Work required:
Your answer must hold only the lines below from the line containing "Dieser elegante schwarze" through the line containing "Lot #0150: Vintage", each reproduced exactly.
◆ ◆ ◆ ◆ ◆ ◆ ◆
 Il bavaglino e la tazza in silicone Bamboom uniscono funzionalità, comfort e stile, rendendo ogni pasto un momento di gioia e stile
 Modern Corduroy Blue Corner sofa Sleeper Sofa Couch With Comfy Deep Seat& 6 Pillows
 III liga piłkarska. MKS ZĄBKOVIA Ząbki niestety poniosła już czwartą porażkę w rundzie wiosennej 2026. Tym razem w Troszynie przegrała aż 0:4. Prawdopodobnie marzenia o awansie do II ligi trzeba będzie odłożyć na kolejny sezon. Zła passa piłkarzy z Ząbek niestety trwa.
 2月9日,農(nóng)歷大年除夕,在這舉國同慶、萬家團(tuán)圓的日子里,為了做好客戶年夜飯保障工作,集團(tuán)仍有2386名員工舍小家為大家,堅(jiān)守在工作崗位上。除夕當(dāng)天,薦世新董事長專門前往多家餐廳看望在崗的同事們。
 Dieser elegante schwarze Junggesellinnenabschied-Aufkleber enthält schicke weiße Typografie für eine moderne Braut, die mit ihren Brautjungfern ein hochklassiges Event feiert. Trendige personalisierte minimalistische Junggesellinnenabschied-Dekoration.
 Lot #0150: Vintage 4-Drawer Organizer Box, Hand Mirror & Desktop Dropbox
◆ ◆ ◆ ◆ ◆ ◆ ◆
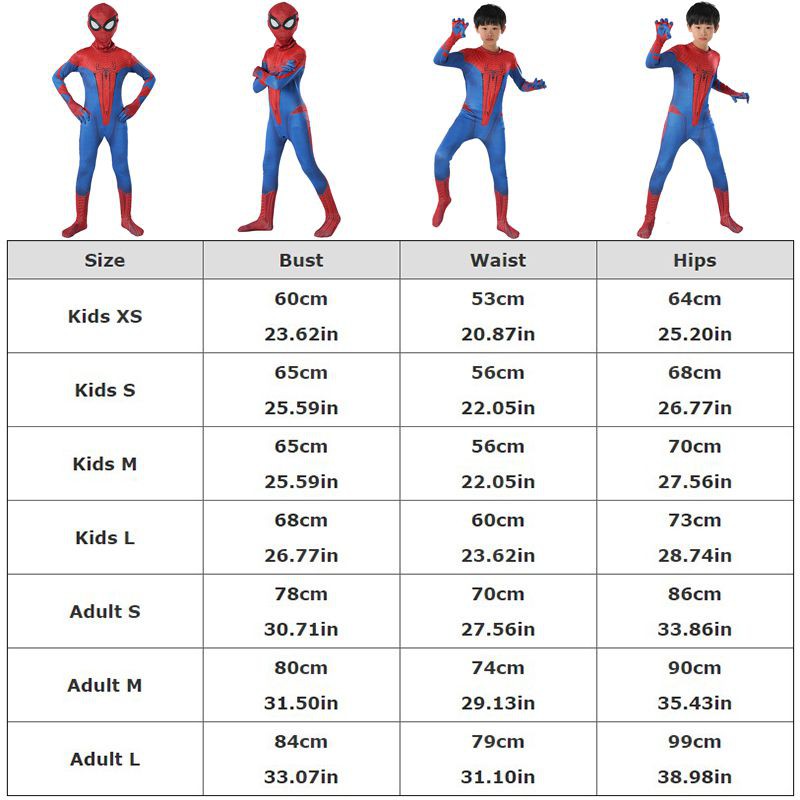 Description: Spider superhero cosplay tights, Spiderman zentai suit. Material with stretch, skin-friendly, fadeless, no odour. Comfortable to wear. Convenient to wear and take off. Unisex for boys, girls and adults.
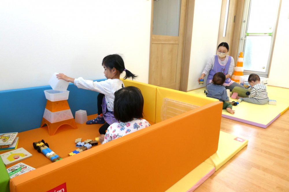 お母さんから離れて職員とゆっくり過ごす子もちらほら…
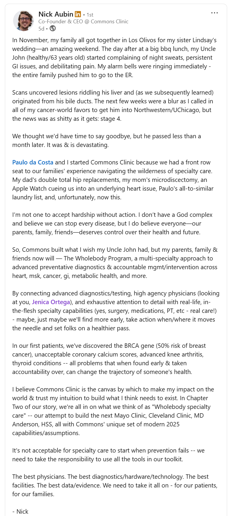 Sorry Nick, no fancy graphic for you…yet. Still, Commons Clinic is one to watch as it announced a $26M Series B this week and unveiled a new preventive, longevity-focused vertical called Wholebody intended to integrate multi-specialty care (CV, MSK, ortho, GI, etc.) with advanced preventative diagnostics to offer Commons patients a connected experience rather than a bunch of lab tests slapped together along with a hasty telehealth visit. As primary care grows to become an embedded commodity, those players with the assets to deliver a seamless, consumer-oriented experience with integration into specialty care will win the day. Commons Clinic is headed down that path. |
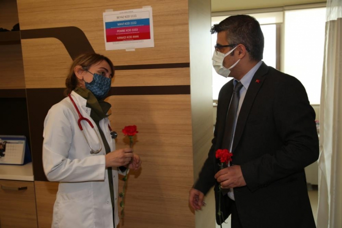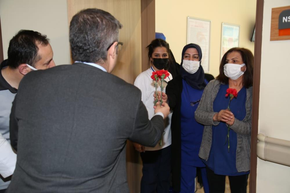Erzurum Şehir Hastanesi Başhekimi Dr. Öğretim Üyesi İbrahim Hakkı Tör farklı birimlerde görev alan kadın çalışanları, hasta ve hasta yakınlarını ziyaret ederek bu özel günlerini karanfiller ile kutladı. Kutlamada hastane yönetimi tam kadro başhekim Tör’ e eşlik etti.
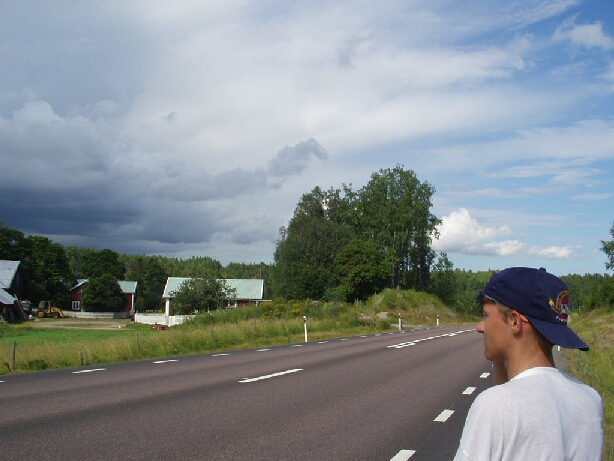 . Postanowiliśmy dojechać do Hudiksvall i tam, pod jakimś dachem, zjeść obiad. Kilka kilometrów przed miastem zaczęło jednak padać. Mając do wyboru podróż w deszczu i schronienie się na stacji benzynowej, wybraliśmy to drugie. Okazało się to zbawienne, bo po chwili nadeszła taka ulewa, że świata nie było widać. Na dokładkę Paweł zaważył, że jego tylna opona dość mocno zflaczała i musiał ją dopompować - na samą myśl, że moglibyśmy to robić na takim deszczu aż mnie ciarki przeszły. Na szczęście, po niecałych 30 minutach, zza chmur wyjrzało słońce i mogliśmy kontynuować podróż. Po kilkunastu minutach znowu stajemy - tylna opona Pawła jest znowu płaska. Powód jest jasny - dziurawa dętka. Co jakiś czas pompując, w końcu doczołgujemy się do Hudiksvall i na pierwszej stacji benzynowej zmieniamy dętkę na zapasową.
◆ ◆ ◆ ◆ ◆ ◆ ◆
Task answer:
 Dieser elegante schwarze Junggesellinnenabschied-Aufkleber enthält schicke weiße Typografie für eine moderne Braut, die mit ihren Brautjungfern ein hochklassiges Event feiert. Trendige personalisierte minimalistische Junggesellinnenabschied-Dekoration.
 Lot #0150: Vintage 4-Drawer Organizer Box, Hand Mirror & Desktop Dropbox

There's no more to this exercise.